* _WHAT YOU WILL DO_
An exact restatement of the data below, with the pictures removed, is the required answer.

----- SUPPLIED DATA

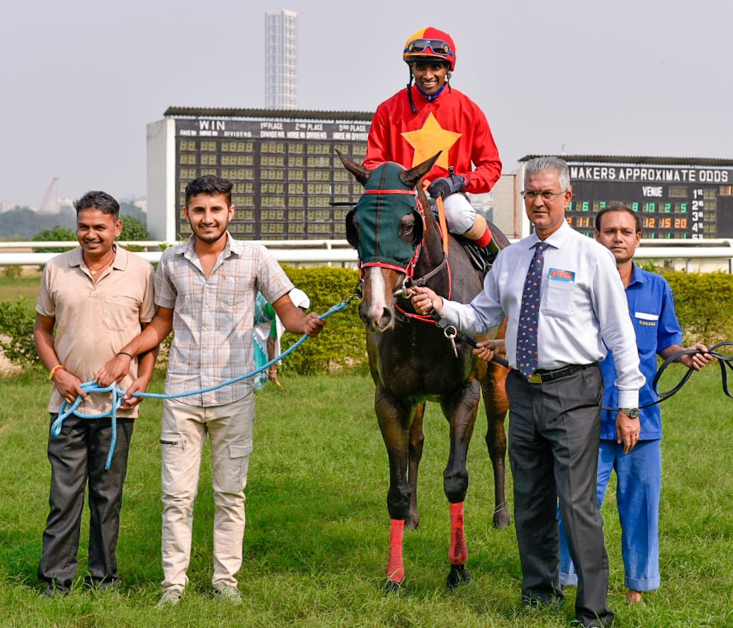 EAGLES FLIGHT (R Vaibhav) in from 2,200m to 1,800m 17, 37s. Jumped out well.
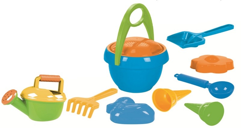 Kyblík (průměr 18cm), lopatka, hrabičky, 2 formičky, sítko, konvice na vodu, naběračka a 2 kornouty.
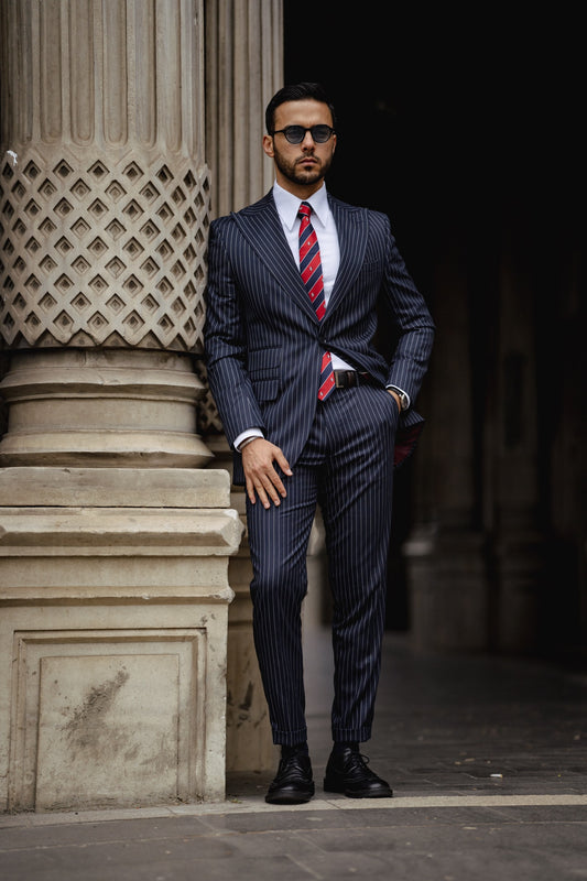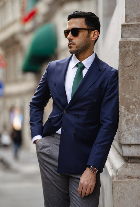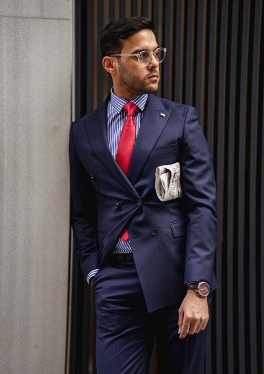 بدلة مزدوجة الصدر باللون الأزرق الداكن

----------

* _ANSWER SPACE_
 EAGLES FLIGHT (R Vaibhav) in from 2,200m to 1,800m 17, 37s. Jumped out well.
 Kyblík (průměr 18cm), lopatka, hrabičky, 2 formičky, sítko, konvice na vodu, naběračka a 2 kornouty.
 بدلة مزدوجة الصدر باللون الأزرق الداكن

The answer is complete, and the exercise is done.